Stupidest Holiday Idea:
"Hey, let's show everyone how festive we are by putting a giant inflatable marker of bad taste on our front lawn!"
Stupidest Movie Cuss:
In
My Best Friend's Wedding, Julia drops the F-bomb at the most random, inappropriate time. It makes her like a million times less attractive and about a billion times less likable. I think that F ruined the movie. Then, the restaurant singing scene was pretty lame too.
Stupidest Person I Know:
You've been reading this blog for a while. If you don't know who
the stupidest person I know is, it must be you.
Stupidest Neighbors:
Mr. and Mrs. Upstairs.
Stupidest Fashion Statement:
When I was in high school (and this will probably tell many of you how old/young I really am), wearing thong underwear that stuck one to two inches out of your pants and was left uncovered by your midriff shirt was a popular practice. I'm not sure how these girls managed to get decent grades in classes they sat through with massive wedgies. Heck, I got a B on a physics test once just because I really needed to pee.
Stupidest People in the Medical Establishment:
I've seen a lot of doctors—I'll be adding two more to the list next month—but the least competent professionals were definitely those at Provo OB/GYN. Also, it's not so much GYN as OB, since they didn't even let me see a
real doctor, because I'm not pregnant with anything but pauses. You know what?
I already complained about this.
Stupidest Internet Business(es):
PayPal and
eBay have given me way too much grief over the last two weeks.

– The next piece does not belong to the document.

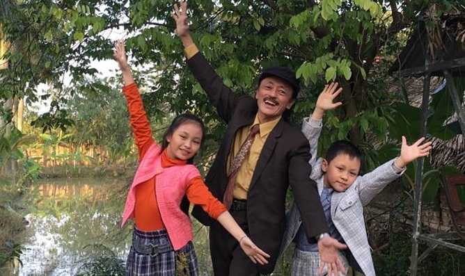 Giang còi rất yêu chiều các con. Vào những buổi chiều không phải đi diễn, anh thường đèo con trên xe máy đi dạo quanh ngôi làng nhỏ mà anh đang ở.
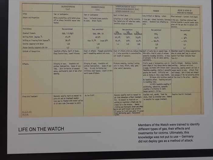 「Members of the Watch were trained to identify different types of gas, their effects and treatments for victims. Ultimately, this knowledge was not put to use – Germany did not deploy gas as a method of attack.」

From canceling my auctions for no reason to somehow forcing Buy.com to refund my money and undo a purchase for NO REASON, they've been a major pain in my well-proportioned behind in so many special ways. Tim and I bought a 24" monitor for $200—we're such bargain shoppers—and once PayPal decided to refund our money, claiming that our account and address were unverified and unconfirmed (they are both verified and confirmed), there were no more of those monitors and no comparable models anywhere near that price. I hate you, PayPal.
Your Stupidests:
Feel free to insert your own in the comments. In fact, consider today's comments area to be a "doghouse" for anything you feel to be a stupidest something, someone, or somewhere. Well, that seems to limit it just to nouns. If you have a stupid adjective, adverb, preposition, affix, article, phoneme, syllable, or other language particle that you'd like to put in the doghouse, those are welcome too.
1 comment:
Stupidest final: Family Law. How can 100% of my grade be based on a test that was 85% about jurisdiction, a section that made up only 8% of lecture?